He had two choices. He could leap, but since the nearest point of relief was 20 stories down, that was really not an option, it was a calamity. Or he could grab onto the front edge of the lumber and hang on for dear life as it swung past. This, Walt did. And he swayed out over the city, clinging precariously to a cluster of 2 x 4s. He had to dig splinters out from under his fingernails for weeks.

After that, how could a 25-foot, two-break putt ever make his heart pound or his throat go dry? How could a low iron to a guarded green ever top high iron with a load of lumber coming at you? What par-five could ever make your hands sweat?

Walt got into the construction business originally because he couldn’t keep up with the big boys on the regular tour. He got his card. He played the gutty game of the short knocker who had to work with four-woods where Jack Nicklaus and Arnold Palmer were feathering seven-irons. He couldn’t keep up.

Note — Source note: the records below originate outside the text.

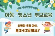(포탈뉴스통신) 서울 도봉구가 오는 3월 26일 오후 7시 30분에 아동·청소년기 대표 정신질환인 주의력결핍 과잉행동장애(ADHD)에 대한 부모 교육을 실시한다. 교육은 온라인(ZOOM)으로 진행되며, ▲주의력 결핍 및 과잉 행동장애의 증상 ▲평가 과정과 조기 발견 ▲증상 관리 및 치료 방법 ▲주의력 결핍 및 과잉 행동 장애 자녀 양육을 위한 노하우 등에 대해 다룬다. 강의는 신혜경 정신건강의학과 전문의가 맡는다. 교육 신청은 3월 26일 오후 7시 30분까지 도봉구 정신건강복지센터 누리집에서 가능하다. 자세한 내용은 지역보건과 정신건강복지센터로 문의하면 된다. [뉴스출처 : 서울특별시 도봉구]
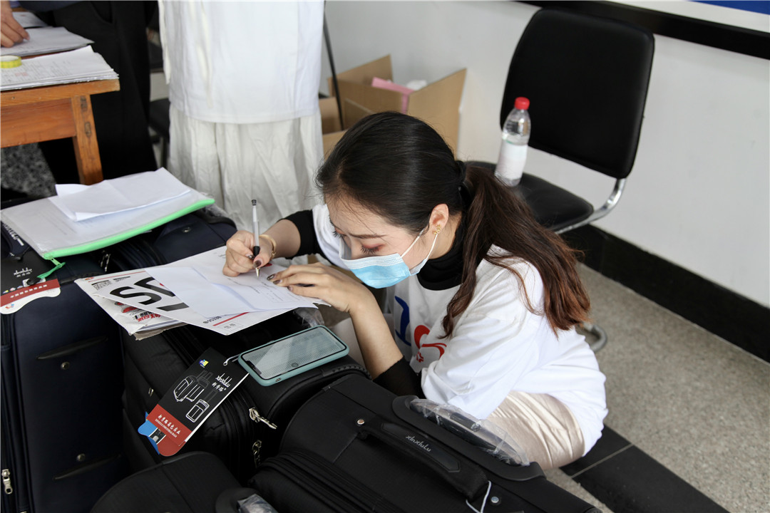 体育学院大厅里,有两名特殊的志愿者,谢婷婷和郭飘飘。她们既是毕业生又是志愿者。韩炎涛介绍说,这两个学生都是党员、班干部,今天一大早办完手续后就开始帮同学们打理各种事务。谢婷婷已考上河师大研究生,郭飘飘已报名参加了滑县的中学教师招聘。
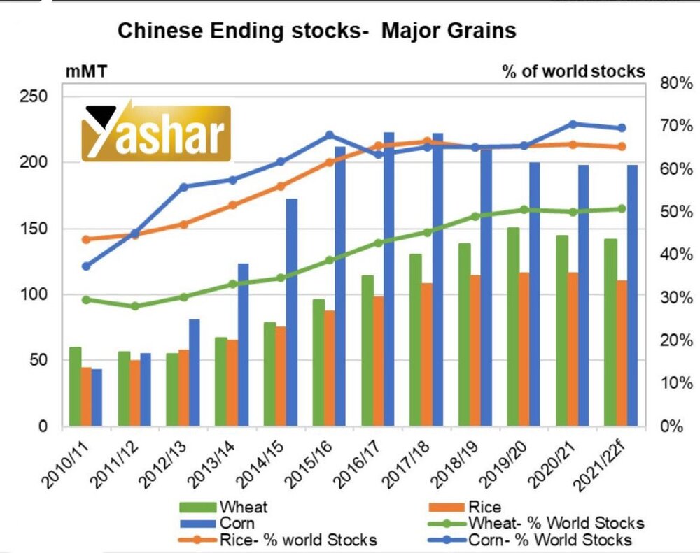 چین، تقریبا بیشترین ذخایر موجودی کالاهای اساسی در دنیا را دارد. از آغاز مساله همه گیری، به مرور زمان شاهد افزایش قیمت انواع کالاهای کشاورزی و به دنبال آن رشد شاخص قیمت مواد غذایی بودیم. محدودیت های ناشی از همه گیری و کمبود منابع انسانی و تاثیر مستقیم آن بر زنجیره تامین را از علل اصلی کاهش تامین و در مقابل افزایش تقاضای بازار و رشد قیمت ها را شاهد بودیم.
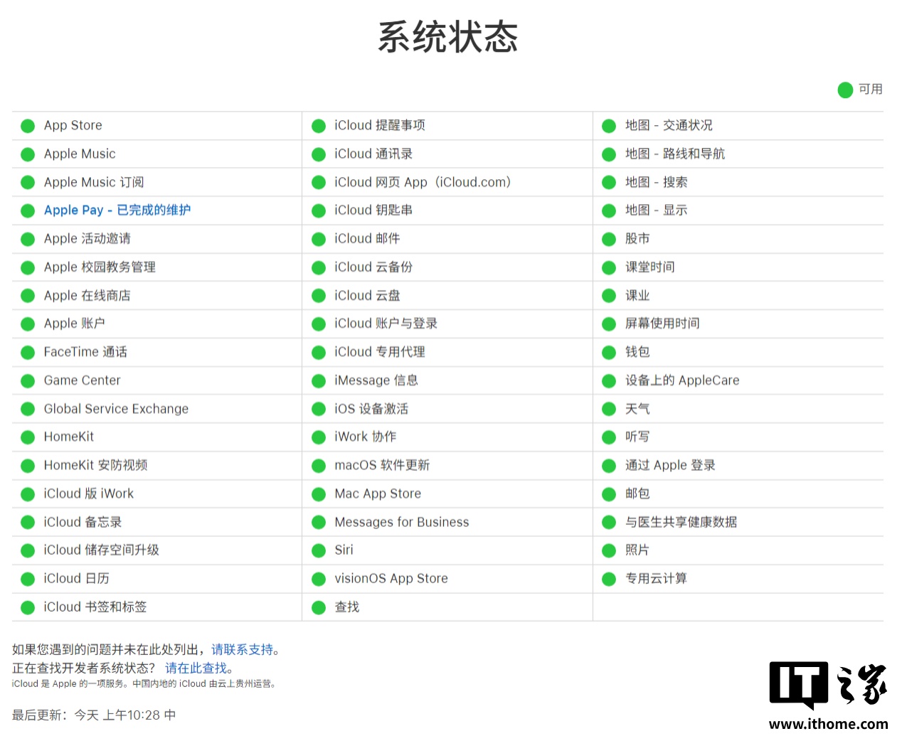 alixixi查询苹果系统状态页面,目前所有服务均显示可用。

So he left the green grass and the manicured greens for the treacherous slides of prefabricated steel. He traded in his visor and alpaca sweater for a hard hat and asbestos gloves and went to building high rises for senior citizens and senior partners of Wall Street. It’s a profession so dangerous that they prefer to import sure-footed young braves from the Blackfoot tribe to prowl the skeletal towers of downtown Manhattan.

Walt climbed down when his marriage broke up--his father-in-law was in the construction business--and tried the mini-tour, the golf loop for players a cut below star level, trying to crack the regular tour. Walt was successful enough so he never had to climb into an outside elevator again. He won 15 tournaments there in a little more than five years.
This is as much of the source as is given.